An LLM is a neural network trained to predict the next word or token in a sequence of text. This seemingly simple prediction task allows the model to learn patterns of language, reasoning and knowledge from extremely large datasets. The training data used to build the model is known as its corpus.

A corpus is simply the collection of documents used during training. For example, a foundation model might be trained on a mixture of sources such as Wikipedia, books, academic papers, code repositories and publicly available internet text. The model learns statistical patterns across this enormous body of text and encodes them into numerical parameters.

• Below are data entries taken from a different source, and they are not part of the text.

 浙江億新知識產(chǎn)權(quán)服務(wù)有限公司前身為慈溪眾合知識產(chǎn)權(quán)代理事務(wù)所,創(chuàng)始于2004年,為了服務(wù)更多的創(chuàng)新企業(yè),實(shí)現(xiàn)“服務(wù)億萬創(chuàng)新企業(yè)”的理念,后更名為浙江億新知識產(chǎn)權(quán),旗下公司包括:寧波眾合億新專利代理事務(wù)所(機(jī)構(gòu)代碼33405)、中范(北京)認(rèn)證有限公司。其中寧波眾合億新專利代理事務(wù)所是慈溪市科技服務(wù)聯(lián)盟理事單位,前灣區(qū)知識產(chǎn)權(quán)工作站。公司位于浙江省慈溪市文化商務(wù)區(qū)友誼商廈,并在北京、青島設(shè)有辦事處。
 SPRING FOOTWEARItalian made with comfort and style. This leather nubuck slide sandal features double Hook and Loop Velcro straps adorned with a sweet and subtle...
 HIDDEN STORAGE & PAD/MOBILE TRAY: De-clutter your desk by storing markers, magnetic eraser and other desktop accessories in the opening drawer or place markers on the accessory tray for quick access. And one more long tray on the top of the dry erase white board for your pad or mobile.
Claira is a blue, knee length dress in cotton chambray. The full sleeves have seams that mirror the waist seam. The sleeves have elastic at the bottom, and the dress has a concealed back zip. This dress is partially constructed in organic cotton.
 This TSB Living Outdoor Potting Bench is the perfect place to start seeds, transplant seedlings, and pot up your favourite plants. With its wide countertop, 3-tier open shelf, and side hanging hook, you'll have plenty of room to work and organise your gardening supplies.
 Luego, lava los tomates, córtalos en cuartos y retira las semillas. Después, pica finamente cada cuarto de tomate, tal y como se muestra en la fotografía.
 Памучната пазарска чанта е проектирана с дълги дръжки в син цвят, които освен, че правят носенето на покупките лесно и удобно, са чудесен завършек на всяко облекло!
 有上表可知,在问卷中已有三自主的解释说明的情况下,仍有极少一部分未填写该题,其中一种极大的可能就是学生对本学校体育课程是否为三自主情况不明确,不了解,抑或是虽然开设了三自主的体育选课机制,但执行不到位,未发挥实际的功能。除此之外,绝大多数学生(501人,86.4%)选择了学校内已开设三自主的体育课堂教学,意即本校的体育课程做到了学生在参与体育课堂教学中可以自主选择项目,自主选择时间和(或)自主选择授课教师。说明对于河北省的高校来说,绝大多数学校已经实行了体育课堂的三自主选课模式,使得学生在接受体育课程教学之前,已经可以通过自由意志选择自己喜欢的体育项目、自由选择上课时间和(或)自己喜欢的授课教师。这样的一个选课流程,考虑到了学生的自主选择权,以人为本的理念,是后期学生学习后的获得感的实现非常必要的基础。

LLMs typically pass through several stages of development. A base foundation model is the raw pretrained model. It has learned language patterns and general world knowledge but is not yet optimised for conversation. An assistant or chat model is a base model that has been further trained so that it behaves helpfully in dialogue with users. A reasoning model is a model that has undergone additional training to produce stronger logical and analytical responses, often through step by step reasoning processes.

These training stages allow the model to become progressively more capable and aligned with human tasks.

Parameters, capacity and representation

The size of a language model is usually described by the number of parameters it contains. Parameters are the adjustable numerical weights inside the neural network. They determine how the model processes information and makes predictions.

Parameters can be thought of as the capacity of the model’s memory space. They are not knowledge themselves but rather the structure that holds patterns learned from data.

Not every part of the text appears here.